From: Bob Felts on 26 May 2010 11:20 Raffael Cavallaro <raffaelcavallaro(a)pas.despam.s.il.vous.plait.mac.com> wrote: > On 2010-05-25 09:41:55 -0400, Bob Felts said: > > > Just curious, but why? Truth isn't decided by numbers, is it? > > The truth of what most people *actually do believe* is in fact, > determined by the numbers of people who actually do believe that thing > (no surprise there!). Well, sure. I agree completely. But believing doesn't make it so. Which I think you'd also agree with. > > I've never once said I actually agree with these people who believe in > a soul that gives them free will or that such a belief is true. > Again, I agree with you. I appreciate your attempts to step in and out of worldviews and being able to argue within different ones. > Articulating a deterministic, compatibilist position is articulating a > kind of "free will" that such people (who are billions in number) would > definitely not consider to be real free will.
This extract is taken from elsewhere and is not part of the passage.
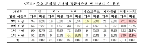 가맹점의 평균 연매출이 3억원 이상인 외식브랜드(771개)는 전체 브랜드의 38.3%를 차지했다. 반면 외식브랜드의 12%에서는 가맹점의 평균 연매출이 1억원 미만이었다. 특히 커피업종의 경우 브랜드의 27.5%에서 가맹점 평균 연매출이 1억원을 밑돌았다.
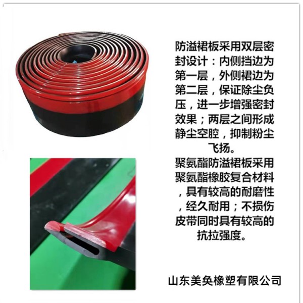 山東美奐是一家生產防溢裙板、雙密封防溢裙板、緩沖床,緩沖條,皮帶機清掃器,清掃箱,各種橡膠板,滾筒包膠橡膠板,菱形膠板,陶瓷膠板,聚氨酯滾筒包膠,聚氨酯制品,聚氨酯耐磨襯板,導料槽擋塵簾,煤礦巷道除塵簾等皮帶*輸送的廠家。

Perhaps you confused me with someone else? At the very outset of this thread I stated that I don't believe that man has free will (although I didn't explain why). > I understand completely that *you* consider such a deterministic thing to > be free will - I'm just saying that what *you* believe about free will is > more or less irrelevant *to them*, since they define free will as being > *non-deterministic*, moral choice, exercised by an immortal, non-physical > soul. I understand that. However, what makes the choice is, IMO, irrelevant, whether it is an "immortal non-physical soul", or a meat machine containing a random number generator. > The compatibilist "free will" strips out one of the essential > features of *their* notion of free will - i.e., the word "free" in free > will means "non-deterministic." > I almost agree. The words "non-deterministic" are problematic, since it means "capable of being determined". I already chided Ron and Don for using knowledge assymetry in their definitions of "free" will, since knowledge is not predestination. I'd prefer to use the term "determined/non-determined." After all, in the worldview your using as an example, God determines/does not determine people's choices, even though the people may/may not be able to know God's choices.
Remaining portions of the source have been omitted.